Recommended Safety & Mechanical Checks for Your MGA – Part 2

Recommended Safety & Mechanical Checks for Your MGA – Part 2

Recommended Safety & Mechanical Checks for Your MGA - Part 1In my last article I started on an idea from a recent edition of Practical Classics, which described a series of tests and inspections that could be carried out on a vehicle before submitting for the annual state-mandated inspection. Last time I dealt with the first two topics – “Checks While You’re Driving” and “Brake Checks on Your Driveway.”
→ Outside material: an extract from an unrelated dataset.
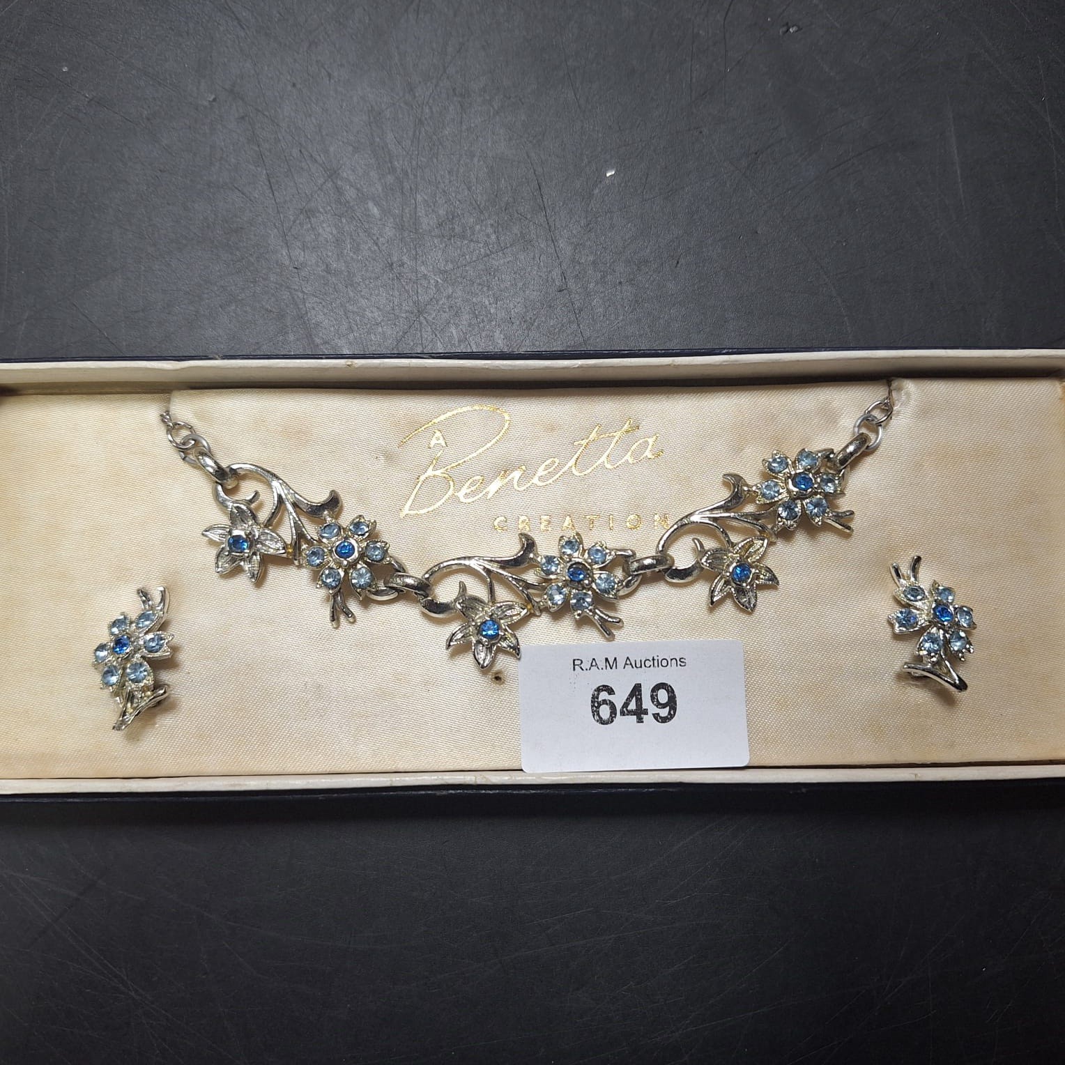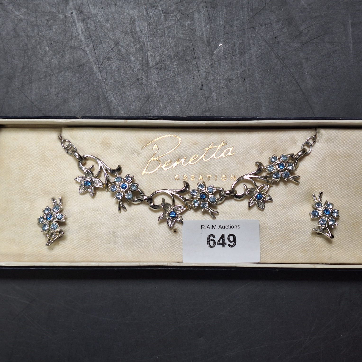 Silver-toned necklace and matching stud earrings with light blue rhinestone flower accents.

This time I present the third topic- “Steering and Suspension Checks.” Once again, I use the headers from the copiously illustrated article in Practical Classics, with the text modified to apply to the MGA. The suspension pictures are actually of my 1955 MG TF, but they show parts that are almost identical to the MGA.
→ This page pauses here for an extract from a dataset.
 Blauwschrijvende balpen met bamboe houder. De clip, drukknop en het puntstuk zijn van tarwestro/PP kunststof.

STEERING & SUSPENSION CHECKS

  1. Steering – Sitting in the car, rock the steering wheel to check for play in the steering. Rotational play at the rim should be no more than a ó-inch. Make sure the wheel and column are securely mounted.
  2. Steering Joints – Check the steering and suspension with both wheels on and off the ground. Have an assistant rock the steering wheel while you feel for play in the bushes and steering joints. Listen for clunks. Possible places for “play” are the top and bottom steering swivel points (Fig. 5), and the tie rod end. On an MGA there should be no play in these locations.
  3. Suspension Joints – Rock the wheels top and bottom and side-to-side to check for play in the upper and lower swivel pins and knuckles (Figure 1). On an MGA, there should be no play in these locations.

    Figure 1

  4. Wheel Bearings – Minor play that is the same regardless of the direction the wheel is rocked, top-to-bottom or side-to-side could be the wheel bearing. Again, on an MGA, there should be no play. Spin the wheel to check for any “grinding” sound.
  5. Rubber Bushes – Suspension bushes made of rubber can crack, distort, crush, or stretch. Pry joints with a lever to check for unwanted movement. External cracks are not always an indicator of poor working condition. The only rubber bushings on an MGA front suspension are inboard of the A-arms, almost out of the picture in Figure 1. Figure 2 shows a spare A-arm (a leftover, again) on which the bushing are quite torn up and worn away.

    Figure 2

  6. Boots and Gaiters – Make sure all steering, suspension, tie rod end and steering rack boots are properly attached and in good condition. The rack boot in Figure 1 is completely split open and should be replaced. There should be an intact rubber seal at the top and bottom steering swivel points, at each end of the suspension bushes and on the tie rod end.
  7. Shock Absorbers – Bounce on each corner of the car vigorously. When you let go, it should return to its rest position within one or two bounces. Check shock absorbers for leaks around the pivot points, and for looseness at the pivot. Check that the mounting bolts are tight.
  8. Coil Springs – Coil springs sometimes break near their ends. The spring seats and their surroundings are mud traps, so clean and inspect carefully for corrosion. Light rust on the springs is not a cause for concern. MGA springs sometimes break and collapse at the lower end, but this should be visible (Figure 3).

    Figure 3

  9. Leaf Springs – Check for broken leaves, misalignment and loose or misshapen bushes (pry with a stout lever). Misaligned leaves may be due to bad axle alignment or collapsed eye or shackle bushes.